Child nutrition programs can be the change to safeguard children’s health over the short- and long-term by making sure their nutritional needs are met on a daily basis through offering nutrient-rich foods, including dairy. Support of New Look of School Milk and Expanding Breakfast programs especially during 2009 when Congress will have the opportunity to renew the Child Nutrition and WIC Reauthorization Act of 2004 can continue to improve the overall quality of American diets. This modeling of consumption of nutrient-rich foods can potentially reduce the economic and social burden of chronic disease. Health professionals could, in turn, focus on the more positive aspects of health care such as prevention and wellness.
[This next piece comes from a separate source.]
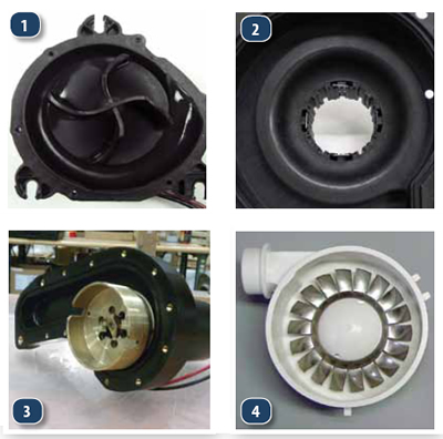 1. Spinning vanes on the Thetford-Tecma Silence’s convex macerator impeller sling emulsified liquid to the outside of the pump body.

The child nutrition white paper and more information on child nutrition initiatives can be found at www.dairymax.org.


References

  1. U.S. Department of Health and Human Services and U.S. Department of Agriculture. Dietary Guidelines for Americans, 2005. 6th Edition, Washington, DC: U.S. Government Printing Office, January 2005.
  2. U.S. Department of Agriculture, Food and Nutrition Service, Office of Research, Nutrition, and Analysis, School Nutrition Dietary Assessment Study-III: Volume I: School Foodservice, School Food Environment, and Meals Offered and Served, by Anne Gordon, Mary Kay Crepinsek, Renée Nogales, and Elizabeth Condon. Project Officer: Patricia McKinney. Alexandria, VA: 2007.
  3. Murphy MM, Douglass JS, Johnson RK, Spence LA. Drinking flavored or plain milk is positively associated with nutrient intake and is not associated with adverse effects on weight status in U.S. children and adolescents. Journal of the American Dietetic Association 2008; 108:631-639.